Assignment: Nothing beyond the line containing "为深入学习贯彻党的二十大精神" is to be printed; print exactly each line from the start of the records below through that line, leaving out pictures.
[[ Extracted information, beginning ]]
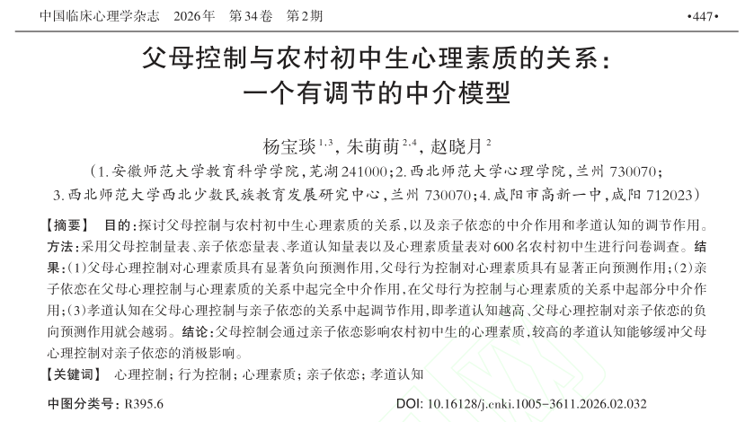 目的:探讨父母控制与农村初中生心理素质的关系,以及亲子依恋的中介作用和孝道认知的调节作用。方法:采用父母控制量表、亲子依恋量表、孝道认知量表以及心理素质量表对 600 名农村初中生进行问卷调查。结果:(1)父母心理控制对心理素质具有显著负向预测作用,父母行为控制对心理素质具有显著正向预测作用;(2)亲子依恋在父母心理控制与心理素质的关系中起完全中介作用,在父母行为控制与心理素质的关系中起部分中介作用;(3)孝道认知在父母心理控制与亲子依恋的关系中起调节作用,即孝道认知越高、父母心理控制对亲子依恋的负向预测作用就会越弱。结论:父母控制会通过亲子依恋影响农村初中生的心理素质,较高的孝道认知能够缓冲父母心理控制对亲子依恋的消极影响。
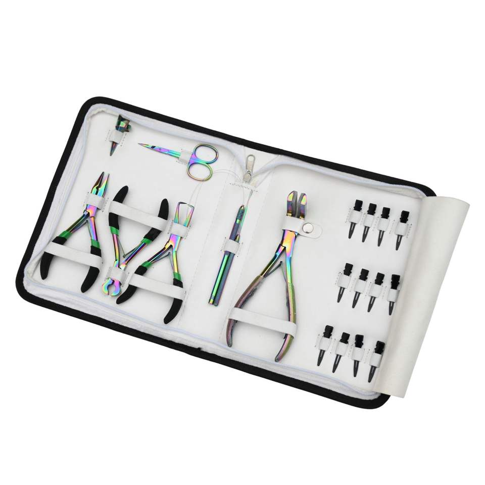 1 étui d'outils d'extension de cheveux avec pince à ruban et outil d'ouverture de perles
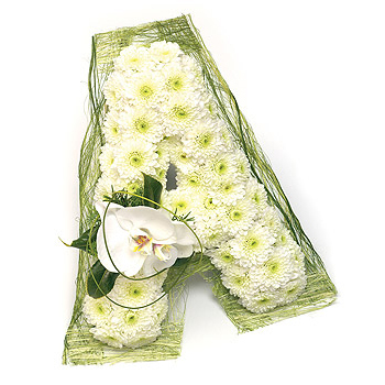 Based letter with Abaca ribbon edging and white Orchid spray. Size: Height - 31cm (12").
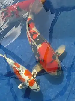 - Carpe Koï, bariolées - Cyprinus carpio carpio, variété d'élevage, considérée comme domestique en France.
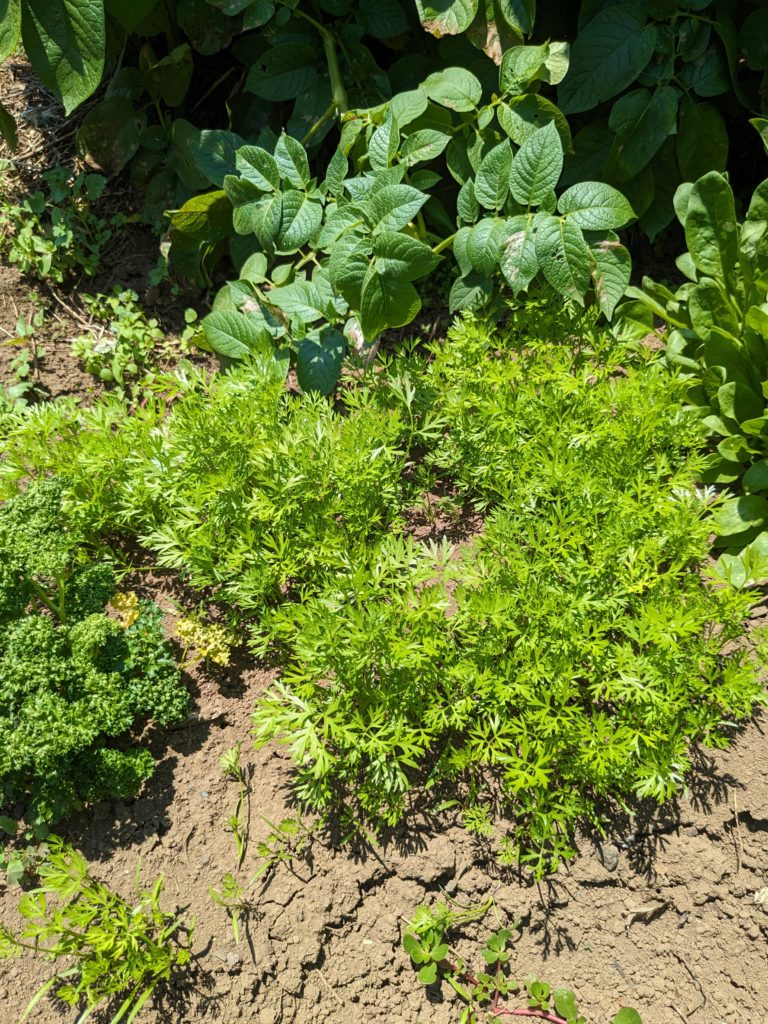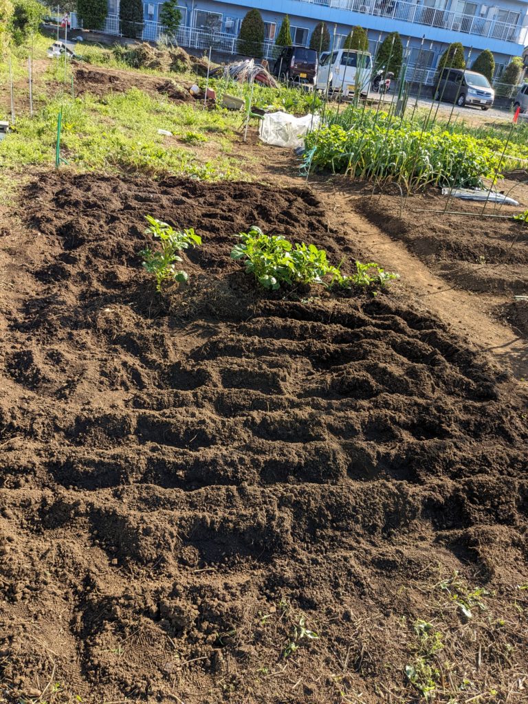 真ん中でじゃがいも(前会員さまからの贈り物)がスクスクと育っておりました☺️
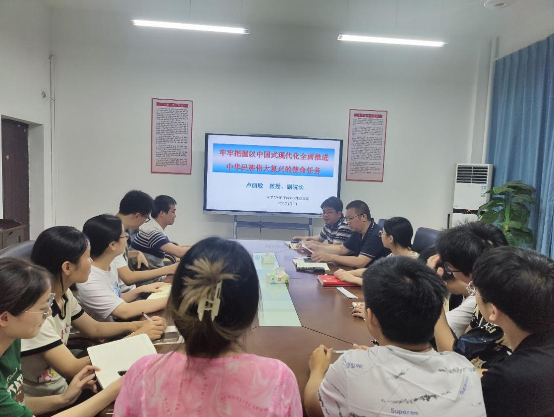 为深入学习贯彻党的二十大精神,推进主题教育走深走实,2023年6月119:40,党委委员、学院副院长卢丽敏教授为研究生支部党员讲授题为《牢牢把握以中国式现代化全面推进中华民族伟大复兴的使命任务》的专题党课。
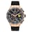 This luxurious timepiece features a stunning Ionic-plated rose gold zinc alloy case with a mineral crystal dial, encased in a sleek and sturdy 12.8 mm profile. Boasting a dazzling black dial, the band is crafted from black silicone and fastened by a tongue buckle. With a water resistance of up to 3 Atm, this quartz multifunction watch is sure to become your faithful companion on any journey.
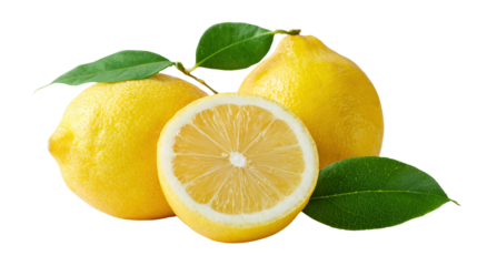 Sliced lemon with whole lemons and green leaves, white isolated background.
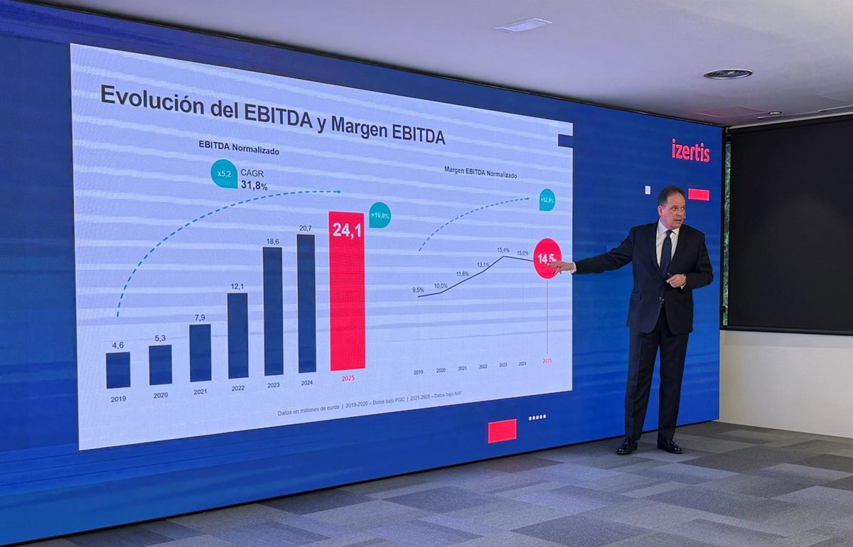 Martín ha aplaudido que Izertis está de aniversario, pues la firma cumple este año 30 ejercicios. "Es algo realmente importante que una compañía logre estar 30 años ejecutando un plan de negocio y cumpliendo año tras año con todos esos objetivos, creciendo ininterrumpidamente", ha celebrado este miércoles el ejecutivo en la presentación de los resultados de la firma, que obtuvo un beneficio de actividades continuadas de 4,45 millones de euros en 2025, un 1,8% más que un año antes.
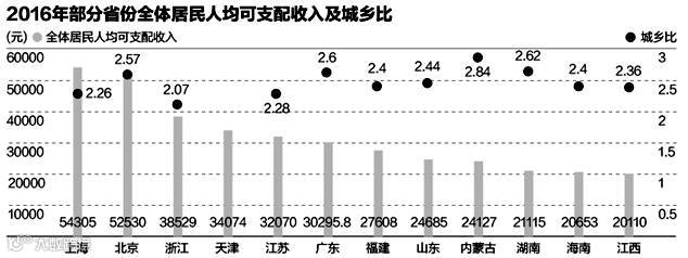 通过对2016年各省份的全体居民、城镇居民和农村居民的人均可支配收入等多个指标的统计发现,目前有6个省份的居民人均可支配收入突破了3万元大关;在城乡平衡发展方面,浙江的城乡差距最小,西部地区最大。
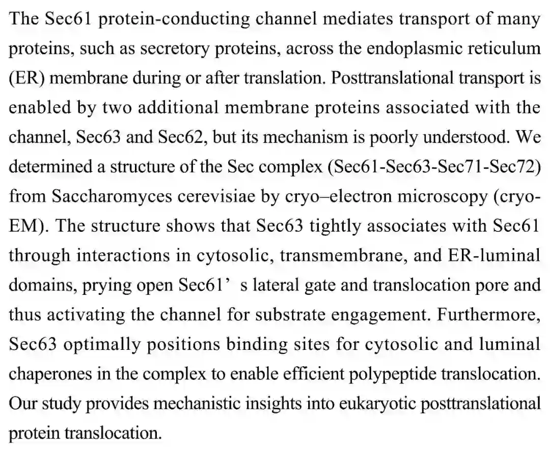 解析酵母翻译后Sec蛋白 - 易位通道复合体的结构
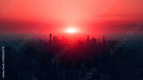© Teerapat, Fototapeta premium Orange Sunset Over City Skyline with Tall Buildings and Horizon Glow
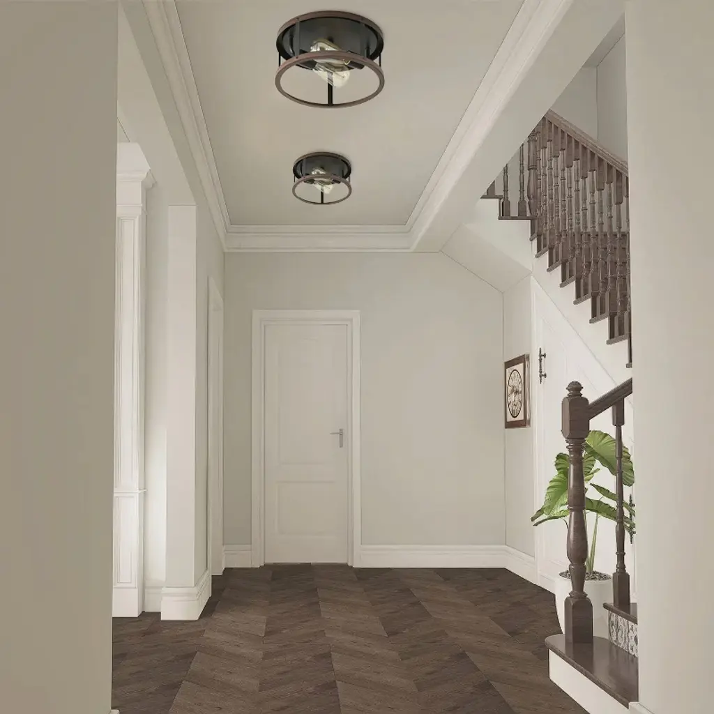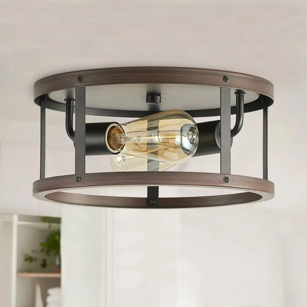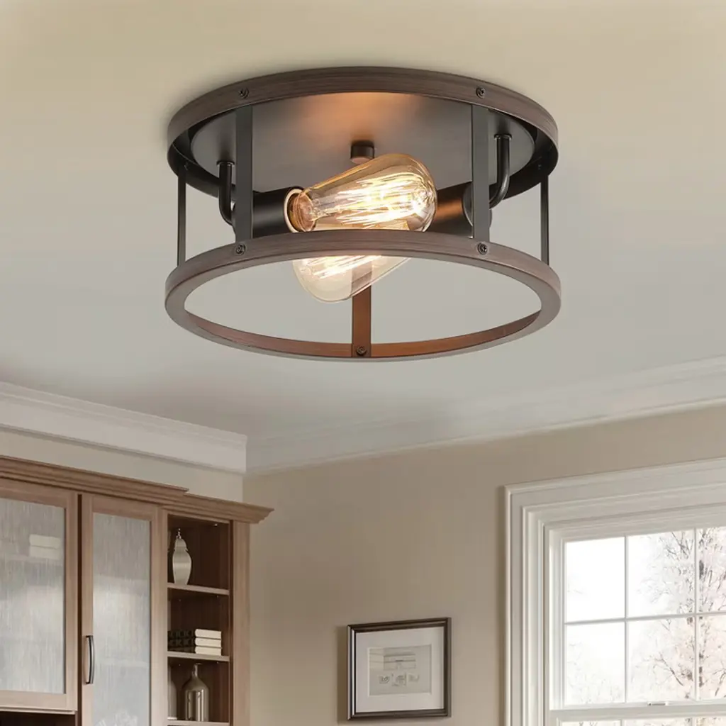 Specifications: Type: Farmhouse Flush Mount Ceiling LightMaterials: IronFinish: PaintedColor: BlackVoltage: 110VMax Wattage: 40WBulb Base: E26/Medium (Standard)Dimensions: 11.41 in. W x 11.41 in. D x 5.35 in. HNumber of Lights: 2 Lights (bulbs not included)Direction: Downlight Unique Openwork Design: The ceiling light has a metal frame and no glass, creating a modern industrial style. The light is finished with matte black, adding a touch of luxury that complements various interior designs and enhances your home decor. Quality Assurance: High-quality metal materials were used to craft the ceiling light. All products in the factory have to undergo rigorous safety monitoring, to ensure quality and safety, which is beautiful, corrosion-resistant, and durable for a long time. Easy to Install: Don't worry about the installation difficulty, we will attach the installation instructions to you, with clear installation instructions, the operation can be completed quickly. If you have any problems please feel freely to contact us. ETL Listed & Bulb Requirement: ETL Listed for your safety. The industrial ceiling light is a built-in standard E26 socket, suggest using a dimmable E26*2 base bulb (Max 40W, 110V), it could be fully dimmable and compatible dimmer switch. Bulbs and dimmer switch not included. Wide Application: The industrial and simple design of the ceiling makes it easily goes with your home. It is perfect for decorating your dining room, living room, bedroom, kitchen island, bathroom, hotel, hallway, foyer, office, loft, cafe, and so on.
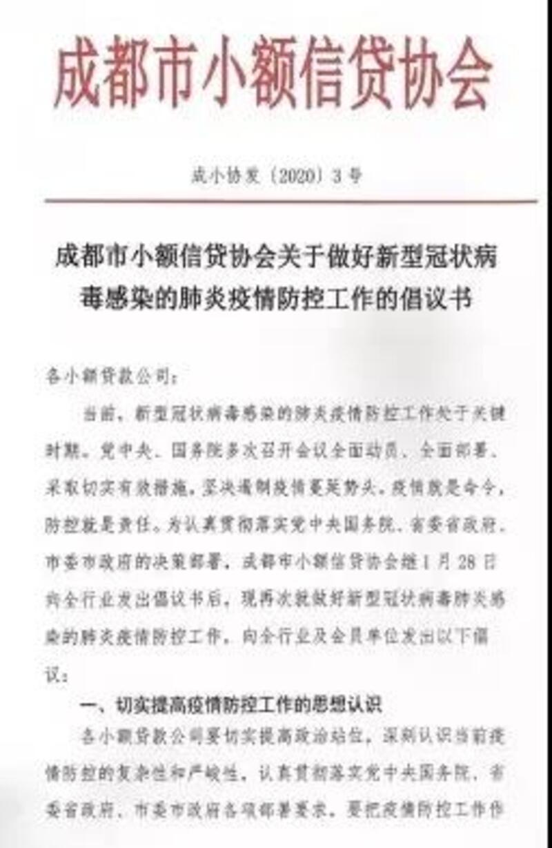 面对新型冠状病毒肺炎疫情,成都市小额信贷协会积极落实党中央、国务院决策部署,按照监管部门工作要求,充分发挥社会组织平台作用,坚定信心、同舟共济、科学防治、精准施策,组织并协助成都小贷机构开展依法科学有序防控。
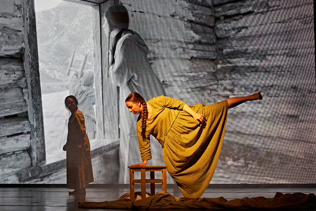 В один вечер с омским «Хемингуэем» был показан еще один дуэт — «ИзБа» тюменской компании Matterra. Московский хореограф Лика Шевченко сделала спектакль для Елены Данн и Виктории Мясниковой, в котором видео играет чуть не большую роль, чем движение на сцене. В этом видео, непрерывно транслирующемся на задник, две танцовщицы обитают в то ли недостроенной, то ли полуразрушенной избе в пустынном алтайском пейзаже. Каменистая почва, явный холод, ощущение, что в округе на сто верст больше ни одного человека. В отличие от «Жили-были», где артисты находятся в непрерывном контакте, в «ИзБе» танцовщицы держатся поодаль друг от друга — но от этого их связь не становится менее крепкой. На сцене они совершают обыденные действия, «работают по дому», а на экране — перебирают камни, надолго замирают, слушают ветер. В сумме — контраст и взаимодействие обыденности и вечности, прорисованные весьма выразительно.
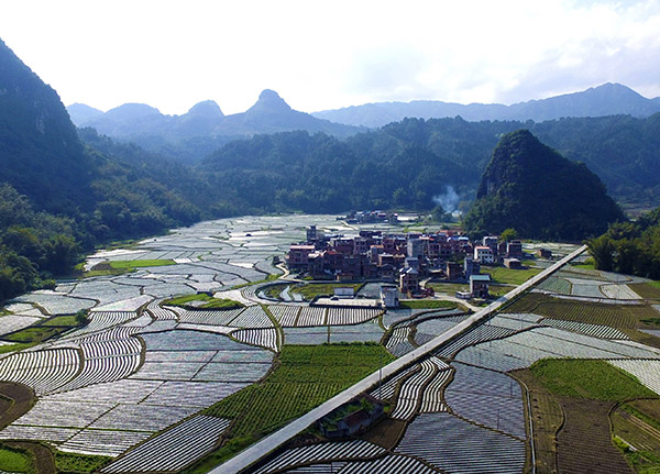 3月13日在廣西河池市羅城縣喬善鄉(xiāng)板團(tuán)村航拍的田園景色。
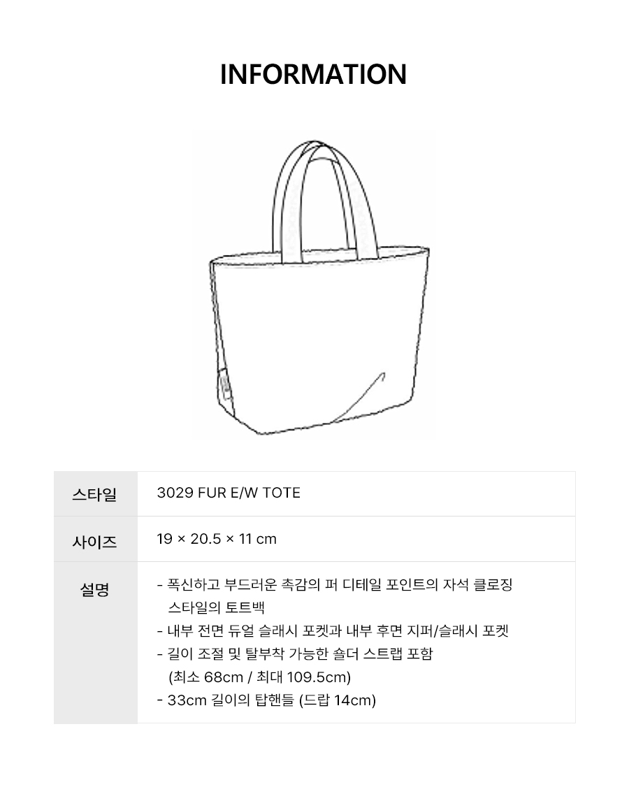 - 폭신하고 부드러운 촉감의 퍼 디테일 포인트의 자석 클로징 스타일의 토트백
[[ Extracted information, end ]]
Exercise answer:
 目的:探讨父母控制与农村初中生心理素质的关系,以及亲子依恋的中介作用和孝道认知的调节作用。方法:采用父母控制量表、亲子依恋量表、孝道认知量表以及心理素质量表对 600 名农村初中生进行问卷调查。结果:(1)父母心理控制对心理素质具有显著负向预测作用,父母行为控制对心理素质具有显著正向预测作用;(2)亲子依恋在父母心理控制与心理素质的关系中起完全中介作用,在父母行为控制与心理素质的关系中起部分中介作用;(3)孝道认知在父母心理控制与亲子依恋的关系中起调节作用,即孝道认知越高、父母心理控制对亲子依恋的负向预测作用就会越弱。结论:父母控制会通过亲子依恋影响农村初中生的心理素质,较高的孝道认知能够缓冲父母心理控制对亲子依恋的消极影响。
 1 étui d'outils d'extension de cheveux avec pince à ruban et outil d'ouverture de perles
 Based letter with Abaca ribbon edging and white Orchid spray. Size: Height - 31cm (12").
 - Carpe Koï, bariolées - Cyprinus carpio carpio, variété d'élevage, considérée comme domestique en France.
 真ん中でじゃがいも(前会員さまからの贈り物)がスクスクと育っておりました☺️
 为深入学习贯彻党的二十大精神,推进主题教育走深走实,2023年6月119:40,党委委员、学院副院长卢丽敏教授为研究生支部党员讲授题为《牢牢把握以中国式现代化全面推进中华民族伟大复兴的使命任务》的专题党课。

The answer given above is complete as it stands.